Driving and managing change will remain the number one priority
Few companies can avoid big, periodic changes in the guts of their business. Whatever the cause – market maturation, a tough macroeconomic environment, creeping costs, competitive struggles, or just a desire to improve.
For companies to survive and strive in today’s competitive environment, they will need to change quickly and successfully. Managing change has to be a core competence that can no longer be considered a discretionary “nice to have”.
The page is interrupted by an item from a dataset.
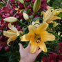 Honeymoon Lilium. Romantic soft yellow petals are arranged in a gigantic flower, held aloft on a sturdy 2-meter-high stem with dozens of flowers. Lilium 'Honeymoon', the name alone speaks volumes; the fragrance sensation is yet to come.
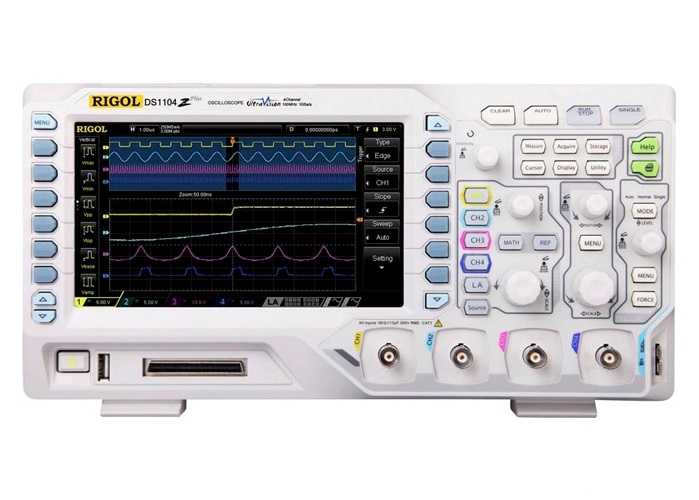 Цифровой осциллограф DS1104Z Plus имеет отличные технические характеристики и широкие функциональные возможности, необходимые для исследования и отладки электронных схем. В цифровом осциллографе DS1104Z Plus применена инновационная технология UltraVision, что обеспечило высокую скорость захвата осциллограмм, большую глубину записи, а также удобную навигацию по захваченному сигналу. Возможность синхронизации и декодирования сигналов последовательных шин позволяет использовать этот прибор для разработки и анализа встраиваемых систем, а опциональный 16-канальный логический анализатор позволит исследовать схемы со смешанными сигналами.

Yet many organizations are falling short in the race to adapt:
- Change is inevitable and require companies to reinvent themselves – Blockbuster, once the dominant DVD franchise, has fallen into bankruptcy in an era of other video options. Who will be the next victim? Is streaming video now going to kill its predecessors?
- No company can nowadays afford to sit on their laurels – Germany’s biggest drugstore chain (high-street chemist) – Schlecker – has filed for bankruptcy. What went wrong?
- Wake up call – disruption is rampant – The Kindle ravaged the publishing business
- Blind to disruptive changes in the marketplace – Until the 1990s Kodak was regularly rated one of the world’s five most valuable brands. But now?
- Will collaborative consumption disrupt traditional business models – Time Magazine recently rated collaborative consumption as one of the “10 ideas that will change the world”
No wonder that driving and managing change will remain the number one priority for leaders according to a recently published study by DDI: Global Leadership Forecast 2011 – see illustration below:
The vast majority of organizations surveyed are in the process of changing their business models and services, going global, or looking for ways to be more competitive. Leaders will have to operate under these constantly evolving conditions for the foreseeable future.
Thats way change readiness have to be the new change management – Don’t view change as a discrete event to be managed, but as a constant opportunity to evolve the business.